Справедливы ли эти утверждения, кстати, очень типичные для современных работ по речи и усвоению языка? Чтобы проанализировать их, обратимся к психологической сущности процесса мышления.

Очень точную, хотя терминологически, быть может, небезупречную квалификацию дал ему Д. Н. Узнадзе. Он пишет: “…Скажем, субъект совершает более или менее сложный акт поведения, и вот какое-нибудь значительное препятствие закрывает ему путь к дальнейшей деятельности. В таком случае он чувствует себя принужденным отказаться от активной деятельности, приостановиться и вместо очередного акта поведения обратиться к объективации. Это дает ему возможность перенести активность своего поведения в область теории — он обращается к мышлению с тем, чтобы разрешить возникшую перед ним проблему и таким образом удовлетворить специфическую потребность, выросшую на основе объективации.
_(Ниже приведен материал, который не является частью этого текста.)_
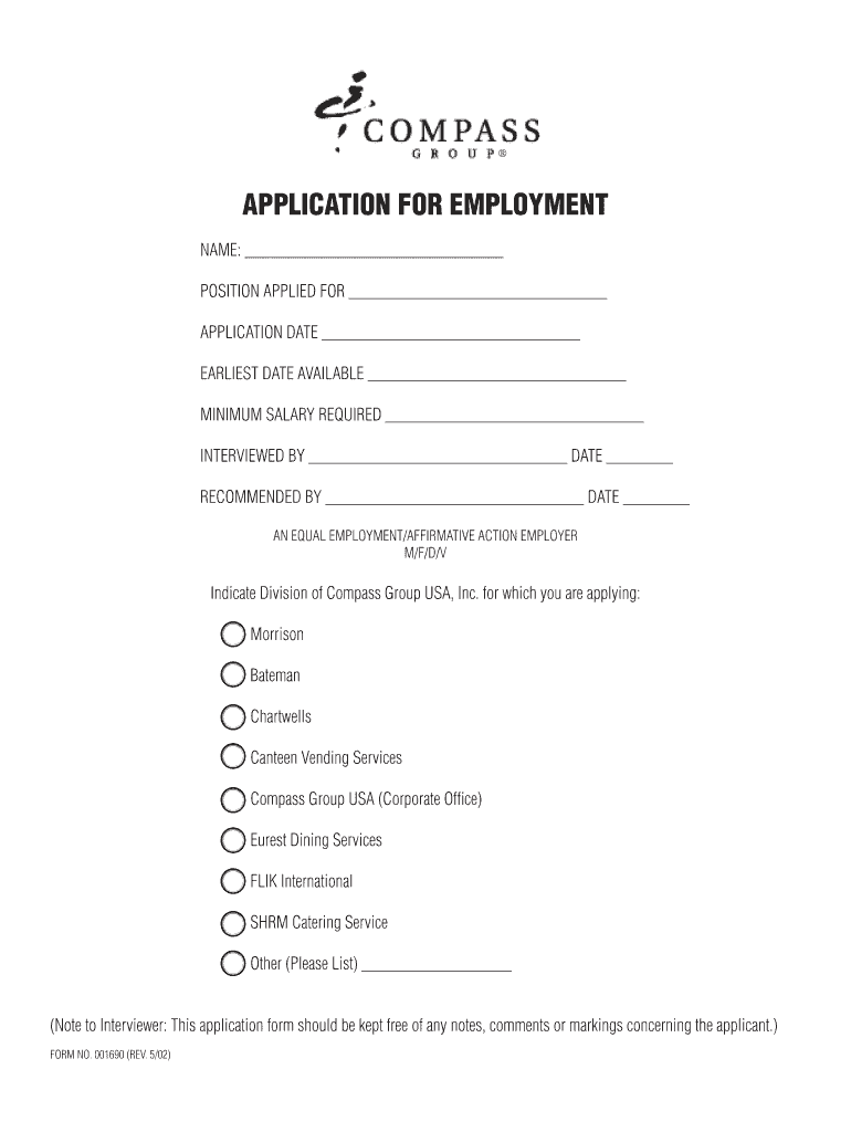 Get the free APPLICATION FOR EMPLOYMENT NAME - DineOnCampus

Так возникает человеческое мышление. Оно представляет собой психическую активность, приходящую в движение лишь на базе объективации и направленную на удовлетворение специализированной таким образом теоретической, познавательной потребности”.

Но способность объективации, способность “остановить” часть или сторону своего поведения, “презентировать” его в сознании, сознательно задержать в зоне внимания с тем, чтобы подвергнуть анализу, предлагает опору на какие-то не единичные, даже не индивидуальные, а обобщенные, социальные, закрепленные при помощи общественно выработанных средств и черпаемые индивидом из общественного опыта компоненты поведения (деятельности).

Мышление начинается с проблемной ситуации: человек осознает какую-то ситуацию как проблемную, он чувствует, что здесь “не все ладно”, что ему надо понять, что происходит, и принять определенное решение. В сущности, понятие проблемной ситуации приложимо и к поведению животного: на этой стадии еще не происходит обращения к социальному опыту, не происходит того, что Д. Н. Узнадзе называет объективацией. Она нужна для того, чтобы от проблемной ситуации перейти к задаче, представляющей собой результат первичной обработки этой проблемной ситуации. Возникновение задачи означает, что в проблемной ситуации уже выделено и расчленено известное и неизвестное, — например, в школьной учебной задаче зафиксированы условия задачи и поставлен вопрос.

Очевидно, однако, что за постановкой задачи должен следовать поиск способа ее решения. Именно в этом звене мы и сталкиваемся с огромным многообразием процессов мышления, многообразием, зависящим от целого ряда факторов. Есть простейшие задачи, не требующие для своего решения ничего, кроме приложения хорошо известного, нередко автоматизированного набора операций. Есть задачи, требующие поиска специального способа решения на базе тех общественно выработанных знаний, умений и навыков, которыми человек располагает. Есть, наконец, такие задачи, для решения которых необходим пересмотр самого этого набора “социальных предпосылок” их решения, обогащение социально-исторического опыта новыми компонентами.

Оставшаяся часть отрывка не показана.